BEGIN

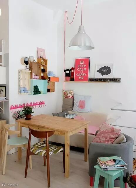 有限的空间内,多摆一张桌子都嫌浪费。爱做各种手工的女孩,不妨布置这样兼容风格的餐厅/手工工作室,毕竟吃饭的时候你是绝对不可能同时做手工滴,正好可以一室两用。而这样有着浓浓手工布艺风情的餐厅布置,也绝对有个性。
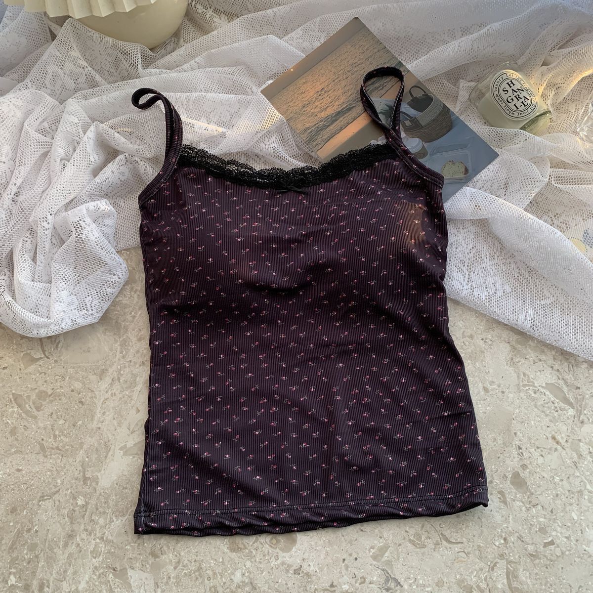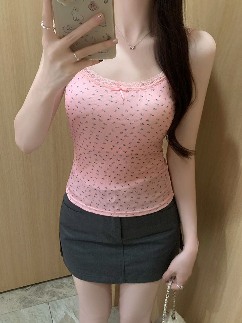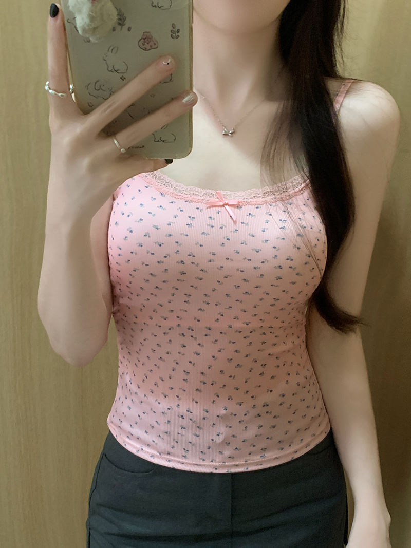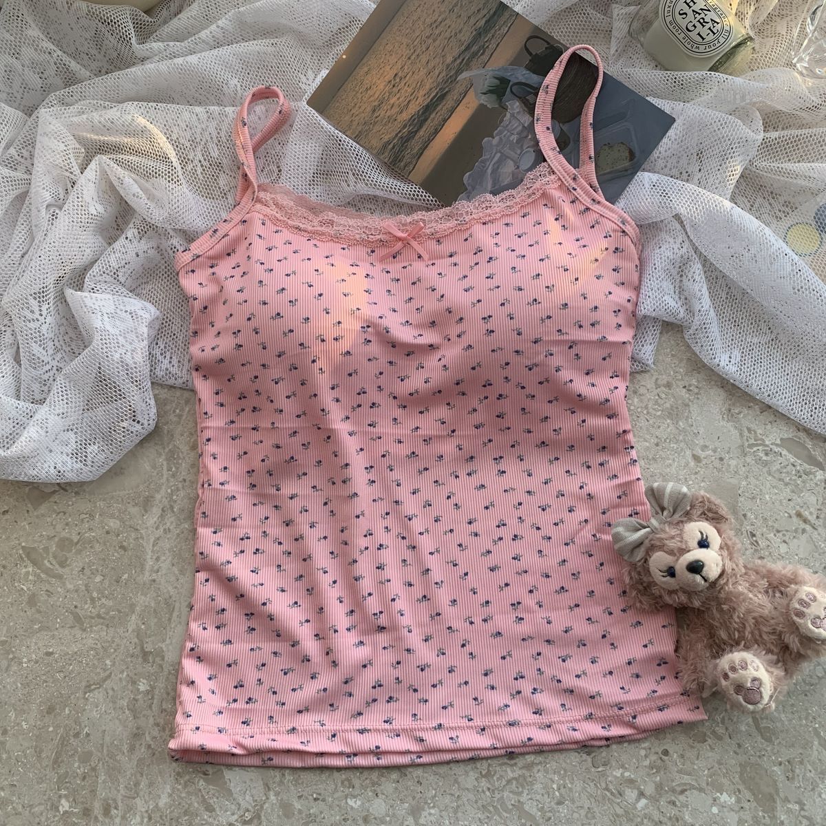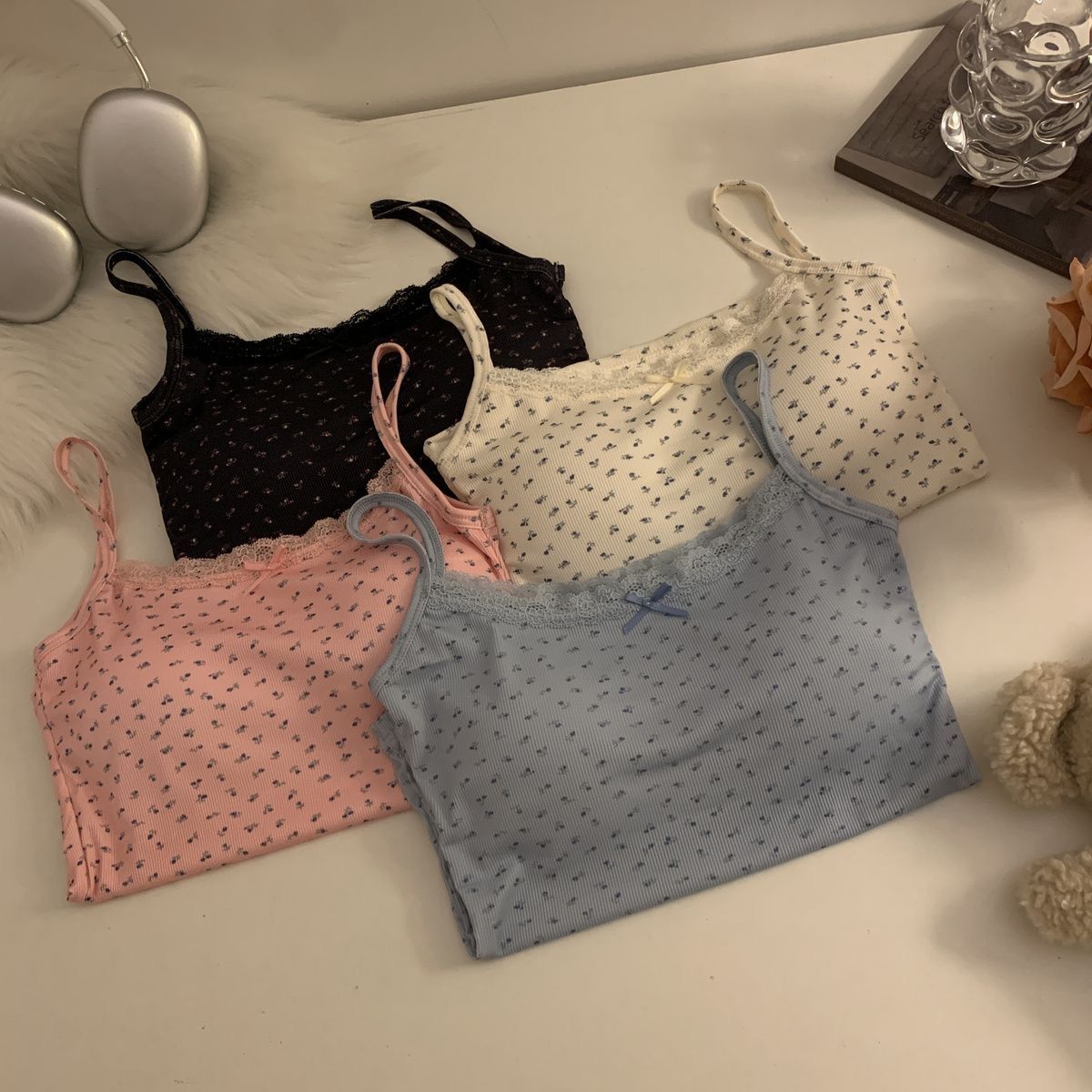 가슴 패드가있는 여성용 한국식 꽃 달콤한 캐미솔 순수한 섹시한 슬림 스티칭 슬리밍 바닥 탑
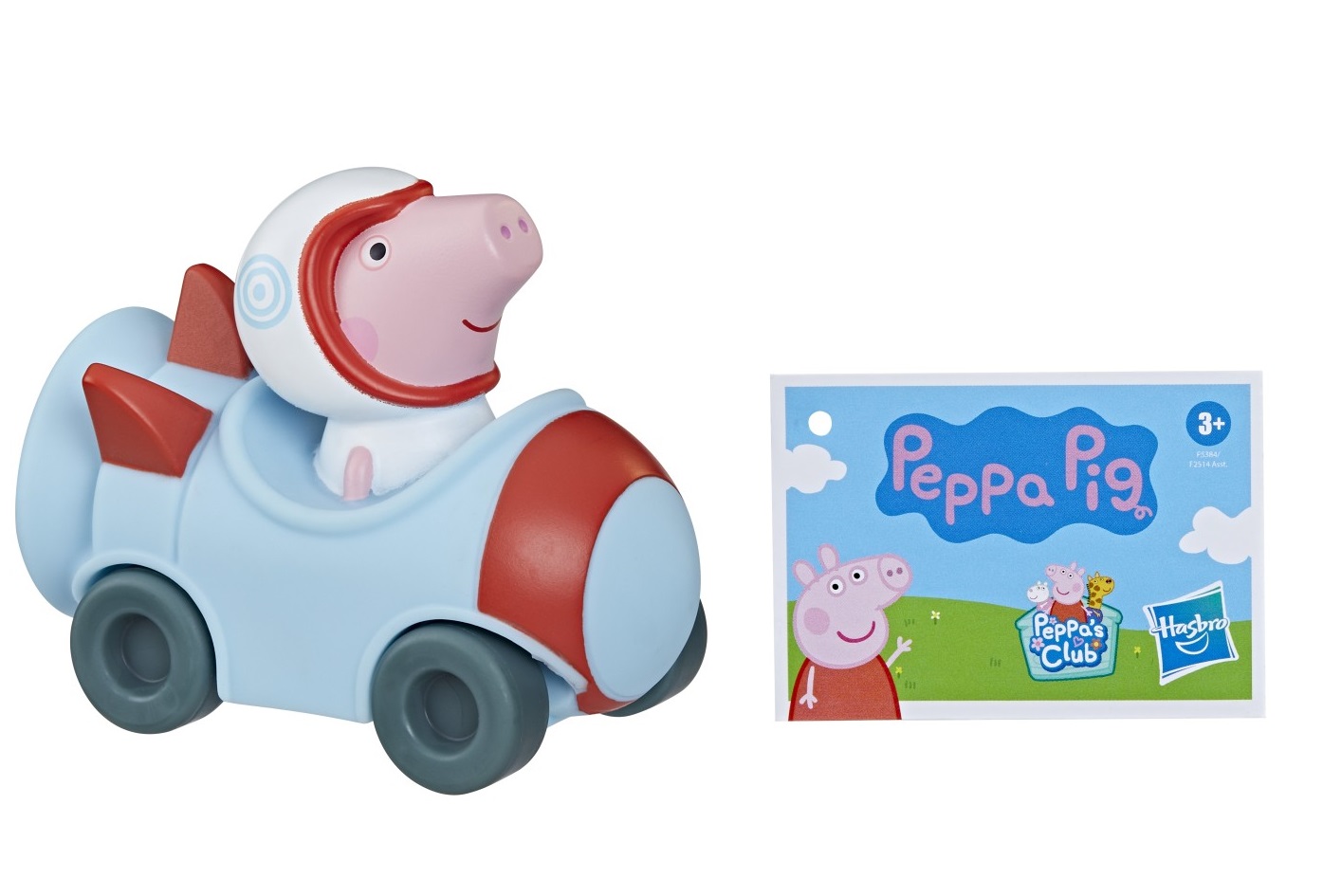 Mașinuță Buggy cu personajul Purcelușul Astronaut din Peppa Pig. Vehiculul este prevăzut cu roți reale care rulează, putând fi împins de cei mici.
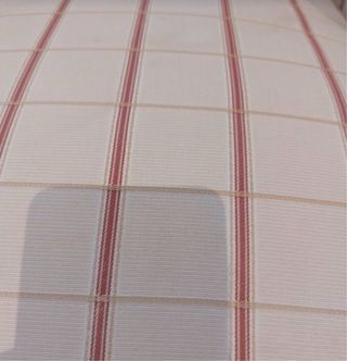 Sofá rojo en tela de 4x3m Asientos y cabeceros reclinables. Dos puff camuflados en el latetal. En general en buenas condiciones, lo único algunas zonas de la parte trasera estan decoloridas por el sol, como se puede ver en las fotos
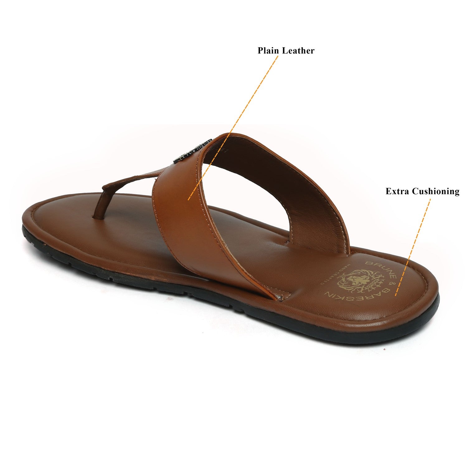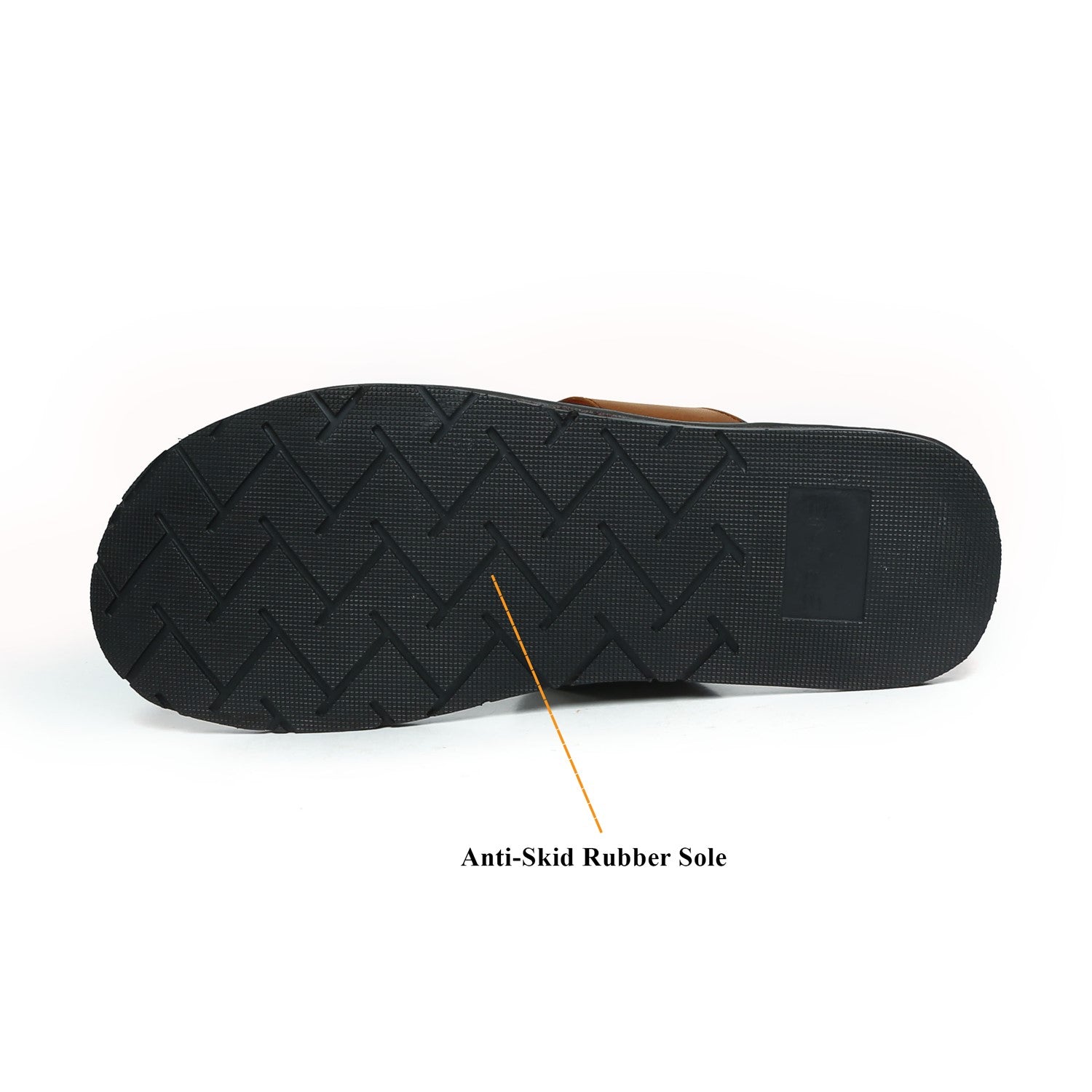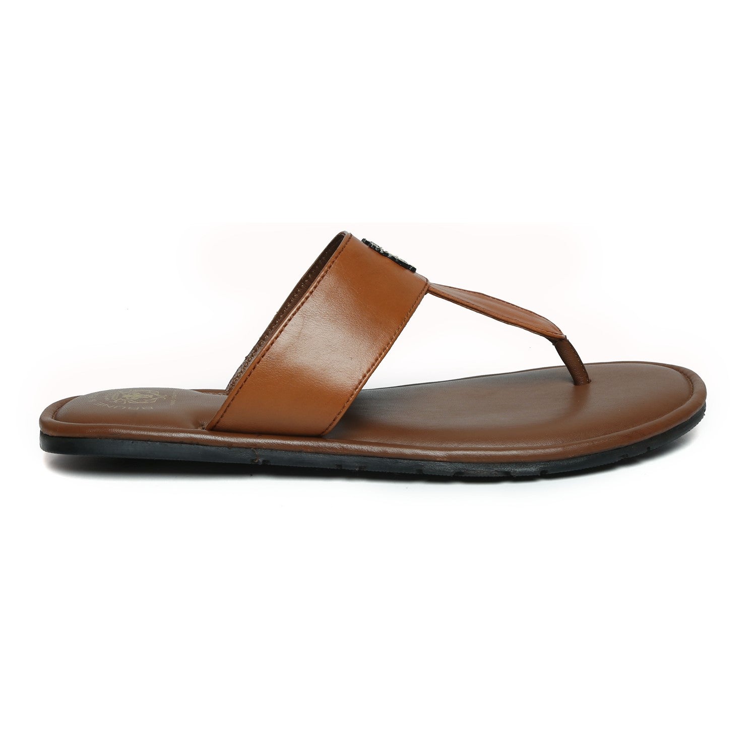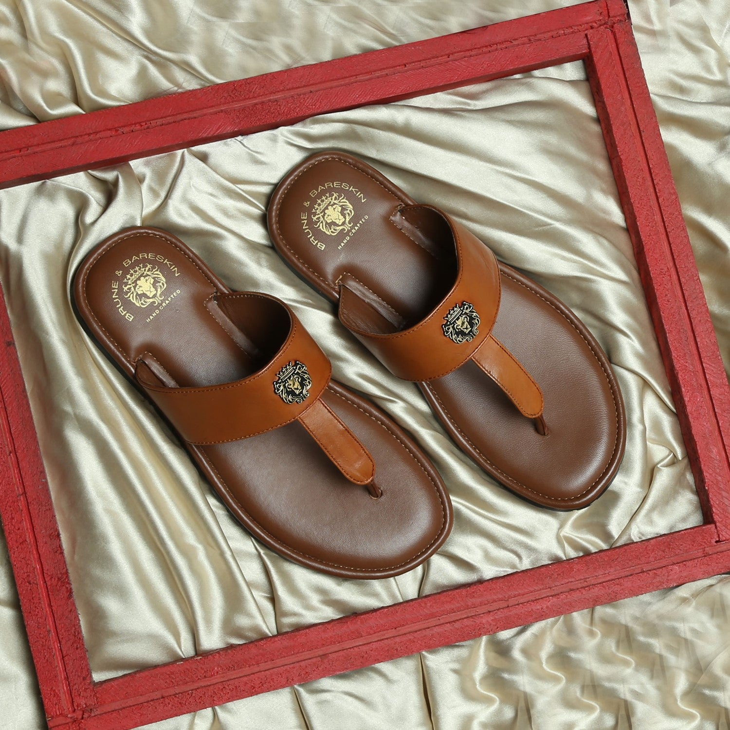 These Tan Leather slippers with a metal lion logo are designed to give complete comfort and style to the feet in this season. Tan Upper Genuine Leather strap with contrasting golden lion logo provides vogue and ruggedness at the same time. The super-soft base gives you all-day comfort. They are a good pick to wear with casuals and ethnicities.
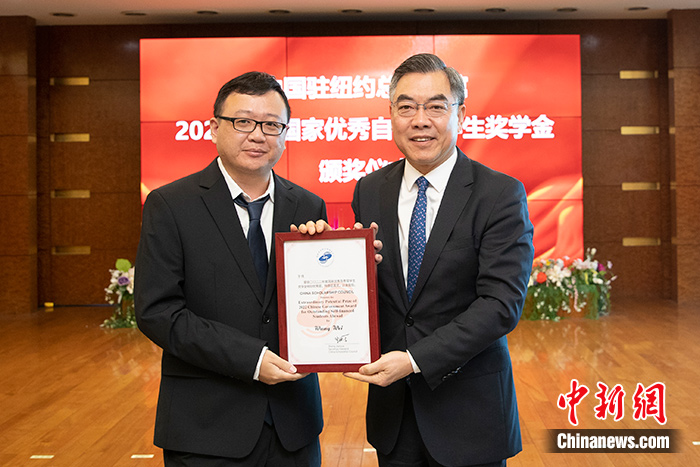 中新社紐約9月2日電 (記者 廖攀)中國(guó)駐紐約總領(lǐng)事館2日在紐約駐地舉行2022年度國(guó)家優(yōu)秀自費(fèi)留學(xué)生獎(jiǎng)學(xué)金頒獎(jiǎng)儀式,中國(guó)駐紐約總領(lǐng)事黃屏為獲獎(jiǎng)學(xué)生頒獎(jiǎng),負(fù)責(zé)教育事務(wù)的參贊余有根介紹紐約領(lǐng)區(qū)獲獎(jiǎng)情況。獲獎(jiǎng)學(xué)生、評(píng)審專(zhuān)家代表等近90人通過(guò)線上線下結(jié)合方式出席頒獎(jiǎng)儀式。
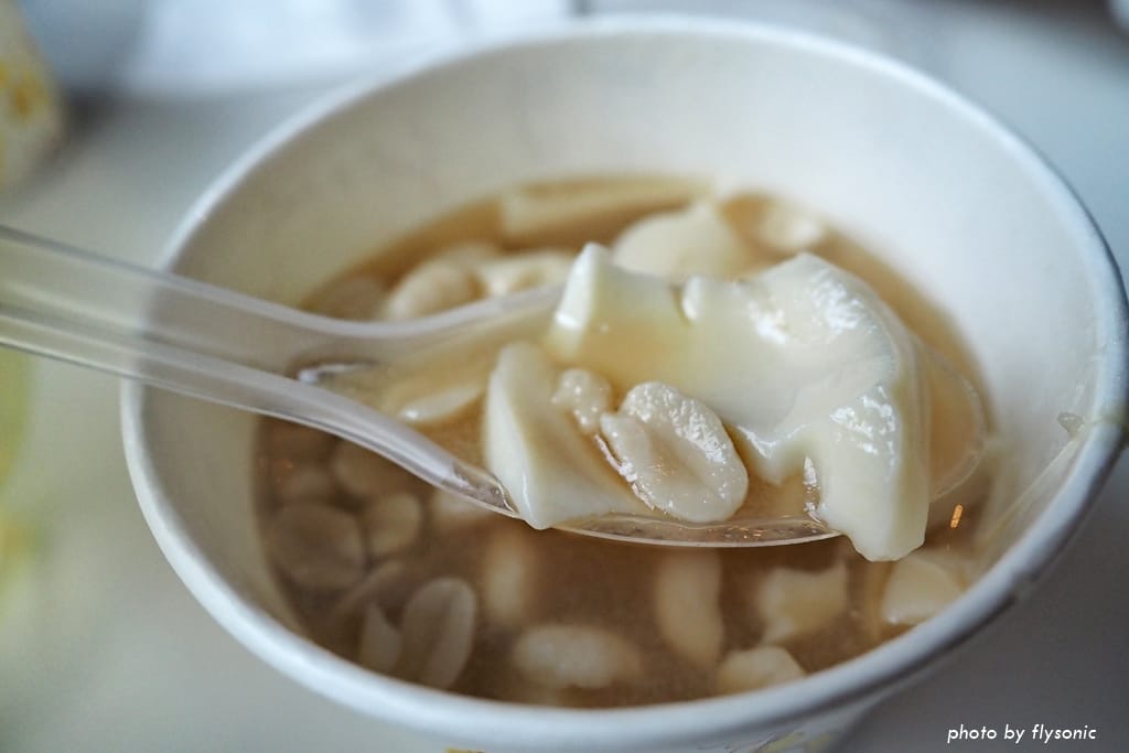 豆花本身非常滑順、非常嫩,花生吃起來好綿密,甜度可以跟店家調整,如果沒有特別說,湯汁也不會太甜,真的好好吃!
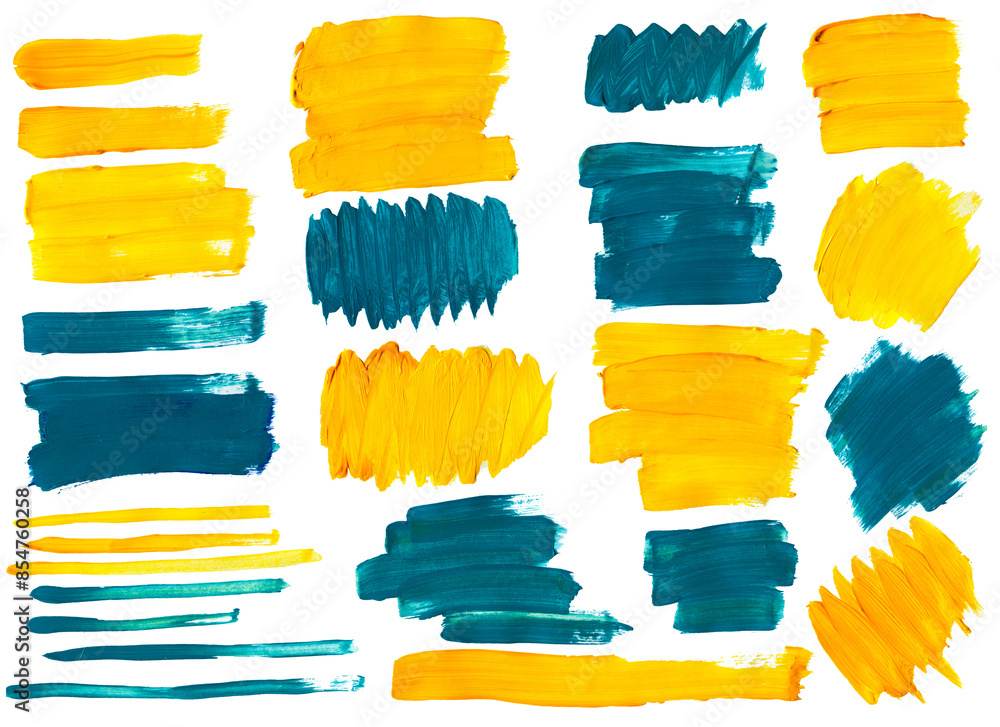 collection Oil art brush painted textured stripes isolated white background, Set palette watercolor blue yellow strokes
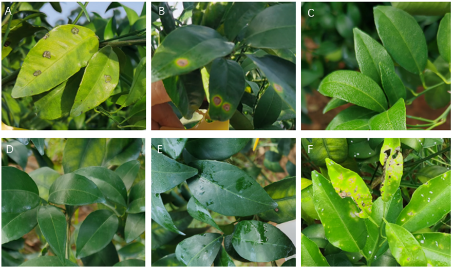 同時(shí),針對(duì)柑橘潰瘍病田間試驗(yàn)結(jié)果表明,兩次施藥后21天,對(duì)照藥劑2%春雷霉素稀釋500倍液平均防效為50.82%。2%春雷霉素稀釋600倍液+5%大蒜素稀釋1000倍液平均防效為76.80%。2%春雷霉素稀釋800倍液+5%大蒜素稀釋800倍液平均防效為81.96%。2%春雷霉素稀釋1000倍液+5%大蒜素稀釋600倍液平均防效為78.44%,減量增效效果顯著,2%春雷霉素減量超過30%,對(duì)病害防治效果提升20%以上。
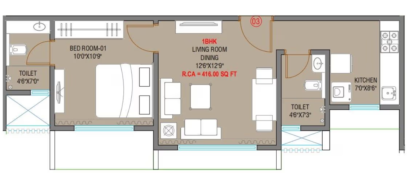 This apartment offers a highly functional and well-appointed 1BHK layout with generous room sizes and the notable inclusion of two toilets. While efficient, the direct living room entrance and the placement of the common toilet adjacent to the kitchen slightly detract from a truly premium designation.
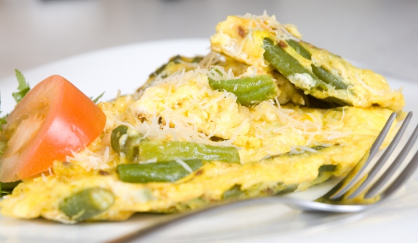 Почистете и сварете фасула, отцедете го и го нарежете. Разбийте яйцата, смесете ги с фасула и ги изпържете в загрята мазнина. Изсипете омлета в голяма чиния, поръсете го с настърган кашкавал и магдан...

END

▶ TASK BRIEF: Line for line, output the entries above from the line with "豆花本身非常滑順、非常嫩,花" to the line with "This apartment offers", both included, and nothing more. Skip pictures.

▶ RESPONSE TO THIS EXERCISE:
 豆花本身非常滑順、非常嫩,花生吃起來好綿密,甜度可以跟店家調整,如果沒有特別說,湯汁也不會太甜,真的好好吃!
 collection Oil art brush painted textured stripes isolated white background, Set palette watercolor blue yellow strokes
 同時(shí),針對(duì)柑橘潰瘍病田間試驗(yàn)結(jié)果表明,兩次施藥后21天,對(duì)照藥劑2%春雷霉素稀釋500倍液平均防效為50.82%。2%春雷霉素稀釋600倍液+5%大蒜素稀釋1000倍液平均防效為76.80%。2%春雷霉素稀釋800倍液+5%大蒜素稀釋800倍液平均防效為81.96%。2%春雷霉素稀釋1000倍液+5%大蒜素稀釋600倍液平均防效為78.44%,減量增效效果顯著,2%春雷霉素減量超過30%,對(duì)病害防治效果提升20%以上。
 This apartment offers a highly functional and well-appointed 1BHK layout with generous room sizes and the notable inclusion of two toilets. While efficient, the direct living room entrance and the placement of the common toilet adjacent to the kitchen slightly detract from a truly premium designation.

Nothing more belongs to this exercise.